HAVANA, CUBA - DECEMBER 2, 2013: Old classic American cars rides in front of the Capitol. Before a new law issued on October 2011, cubans could only trade cars that were on the road before 1959.

Despite high hopes for business development in Cuba, two major factors inhibit European banks from lending to the fledgling economy. The threat of sanctions from the U.S and Cuba’s “rock-bottom” debt rating give bankers in France, the UK, Germany and Switzerland pause, thus stalling big and small projects alike. The sanctions problem originates with a currency embargo, enacted post-WWII and recently ended with the Obama administration’s commitment to “normalize” economic relations with Cuba in 2014.

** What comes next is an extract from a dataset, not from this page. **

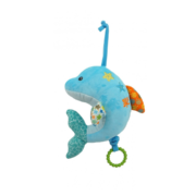 Woody Toys Cunero Delfín 110220, cunero de peluche de 11,5 pulgadas con tira para colgar, aro texturado y bordados marinos, ideal para cuna, cochecito o huevito desde +0 meses.
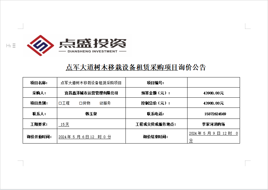 點(diǎn)軍大道樹木移栽設(shè)備租賃采購(gòu)項(xiàng)目詢價(jià)公告

Concerning the issue of credit, a debt-to-projects conversion fund set up by the French and Cuban governments would provide a guarantee for loan-term loans from the French development agency AFD. Moody’s has also upgraded Cuba’s debt rating from “stable” to “positive outlook” and multilateral lenders such as CAF-Development Bank of Latin America are making an effort to include the previously outcast Caribbean country.

The outlook for returns and potential revenue are optimistic but the threat of fines being imposed on third-party European countries by the U.S. that keeps the financiers at bey; and makes competing for a $500 million Havana airport project and more than $1 billion in renewable energy projects an exercise in frustration. This is especially true for small start-ups like Andrew Macdonald’s Havana Energy. An inability to secure funding for his project over the past few years ultimately led him to sell the majority stake of the company to the China-based Shanghai Electric Co. Ltd. – which is less threatened by the chance of sanctions from the U.S.

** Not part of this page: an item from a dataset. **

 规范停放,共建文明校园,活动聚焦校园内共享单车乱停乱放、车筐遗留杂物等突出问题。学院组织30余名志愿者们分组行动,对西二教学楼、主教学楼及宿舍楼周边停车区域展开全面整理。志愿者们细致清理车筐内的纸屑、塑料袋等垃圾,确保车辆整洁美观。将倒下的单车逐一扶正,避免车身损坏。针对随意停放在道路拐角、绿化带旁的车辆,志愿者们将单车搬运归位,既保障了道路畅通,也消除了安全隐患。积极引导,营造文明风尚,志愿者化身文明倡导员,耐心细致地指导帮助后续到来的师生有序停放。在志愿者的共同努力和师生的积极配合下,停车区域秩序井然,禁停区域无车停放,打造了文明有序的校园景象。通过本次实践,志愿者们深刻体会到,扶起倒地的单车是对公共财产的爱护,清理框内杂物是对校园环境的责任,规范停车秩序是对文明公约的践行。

Residual fear from the U.S. embargo, combined with vague rules regarding the “normalization” of Cuban-American relations, paves the way for international lenders outside the European-American consortium. Along with China, banks in Spain and Canada, the National Bank of Qatar, and Panama’s Multibank are all in the process of opening representative offices in Cuba. What is a conundrum for investors in Europe and the U.S. may become an opportunity for financiers of the global South.